An excerpt from the forthcoming memoir High and Inside

ABC/Dunhill chief Jay Lasker was a tough, no-bullshit, old-school record guy who knew how to sell The Mamas & Papas so many different ways it was mind-boggling: Farewell to the First Golden Era, Their Greatest Hits, The Golden Years, The Anthology, 16 Greatest Hits, and then the final 16 Greatest Hits Never Heard Before in This Order. The guy knew how to milk a catalog. They never recorded as a group for him, or anyone else, ever again.

This was not the house that Mo and Joe built, but there were a few of us: Steve Barri, a Top 40 hit producer out of famed Fairfax High (Phil Spector, Herb Alpert, Tommy Roe, The Grass Roots, etc.), and Joel “The Creeper” Sill, the son of Lester Sill (who’d co-founded Philles with Spector and headed Colgems during the Monkees era) and brother of publishing mogul Chuck Kaye, both famed music men. Joel was executive producer of the Easy Rider soundtrack on Dunhill. The three of us stuck together that first year or two. Steppenwolf’s “Born to Be Wild” had been a big hit, and Three Dog Night’s first single, a cover of Harry Nilsson’s “One,” was just out.

After I’d been there for six weeks, Lasker told me, “Go back and work for your daddy,” as he threw a box of 45 RPM singles at my head, declaring he didn’t want to see me again until I went on the road and got the record played.

“Don’t go to Seattle,” he added. “That doesn’t count.”



I went home and told wife #1, Pam, who was from Spokane, that we might have made a mistake moving to L.A. She’d been crying since we moved to town. After mulling over the situation, I decided to call an old family friend, Bill Gavin, who ran the influential tip sheet The Gavin Report at the time, and see what he thought I should do. He asked what record Lasker had sent me off to work; after I told him it was “November Snow” by Rejoice, he said he’d call me back.

Bill called the next morning and suggested that I go to Oklahoma City, Dallas and Houston to see stations WKY, KLIF and KILT. So I went. Both WKY’s Danny Williams and KLIF’s Michael O’Shea added the record, but Bill Young at KILT in Houston kept me waiting in the lobby for two days. When I finally confronted him in the parking lot as he stood there with a shotgun in his hand, he said he didn’t have time because he was shooting birds. I had the distinct feeling that shooting birds and shooting Jews was pretty much the same thing to him. I haven’t been back to Houston since.

The next six years were awesome, as ABC/Dunhill took off.

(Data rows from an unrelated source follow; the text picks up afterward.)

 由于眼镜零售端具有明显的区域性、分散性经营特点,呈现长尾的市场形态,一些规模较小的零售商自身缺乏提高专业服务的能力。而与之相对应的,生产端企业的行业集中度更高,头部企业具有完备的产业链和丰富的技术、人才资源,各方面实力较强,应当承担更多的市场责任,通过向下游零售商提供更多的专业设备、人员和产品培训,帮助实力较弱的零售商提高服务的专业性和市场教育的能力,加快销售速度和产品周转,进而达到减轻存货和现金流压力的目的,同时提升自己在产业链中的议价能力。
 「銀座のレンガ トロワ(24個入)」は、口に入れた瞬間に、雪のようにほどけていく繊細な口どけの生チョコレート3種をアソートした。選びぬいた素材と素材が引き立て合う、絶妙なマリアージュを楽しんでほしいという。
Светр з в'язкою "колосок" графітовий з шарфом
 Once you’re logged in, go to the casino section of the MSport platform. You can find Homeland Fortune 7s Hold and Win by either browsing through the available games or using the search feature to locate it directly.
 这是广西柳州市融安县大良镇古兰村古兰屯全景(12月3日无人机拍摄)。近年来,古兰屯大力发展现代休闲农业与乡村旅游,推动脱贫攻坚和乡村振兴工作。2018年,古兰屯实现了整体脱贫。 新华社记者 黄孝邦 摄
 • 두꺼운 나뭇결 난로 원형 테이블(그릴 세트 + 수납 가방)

I became a super-hot young exec, and the dream of sex, drugs and rock & roll was fulfilled to the max. The label’s output was incredible: Steely Dan’s “Do It Again,” Joe Walsh’s “Rocky Mountain Way,” Rufus and Chaka Khan’s “Tell Me Something Good,” Three Dog Night’s “Joy to the World,” The Four Tops’ “Ain’t No Woman (Like the One I Got),” Dusty Springfield’s “Yesterday, When I Was Young,” B.B. King’s “The Thrill Is Gone” and “Hummingbird,” Jim Croce’s “Bad, Bad Leroy Brown,” Freddy Fender’s “Before the Last Teardrop Falls,” Ace’s “How Long,” The Amazing Rhythm Aces’ “Third Rate Romance,” Jimmy Buffett’s “Come Monday,” The Grass Roots’ “Sooner or Later,” Bo Donaldson & the Heywoods’ “Billy, Don’t Be a Hero,” Bobby Vinton’s “Beer Barrel Polka” and Tommy Roe’s “Jam Up and Jelly Tight,” plus classic LPs by John Lee Hooker, Lamont Dozier, Keith Jarrett, Alice Coltrane, Pharoah Sanders and Bobby “Blue” Bland, to name more than a few.

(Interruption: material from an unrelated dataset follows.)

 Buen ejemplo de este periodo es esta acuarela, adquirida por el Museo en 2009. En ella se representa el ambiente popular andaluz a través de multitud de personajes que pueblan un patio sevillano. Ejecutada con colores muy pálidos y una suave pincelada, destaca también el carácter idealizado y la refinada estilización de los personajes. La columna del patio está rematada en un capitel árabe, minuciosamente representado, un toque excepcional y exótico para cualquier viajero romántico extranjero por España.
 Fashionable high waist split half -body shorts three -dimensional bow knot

It was through Three Dog Night that I met the Ienner brothers. Jimmy had replaced Richie Podolor as the group’s producer, and Donnie was Jimmy’s runner. Even then, I could tell Donnie was going to be this super-aggressive, win-at-all-costs kind of guy. The first time I laid eyes on Donnie was the day he delivered the master refs to the first single from Hard Labor, “The Show Must Go On.” He strolled into my office, yanked open the door to my fridge and took what he wanted without asking.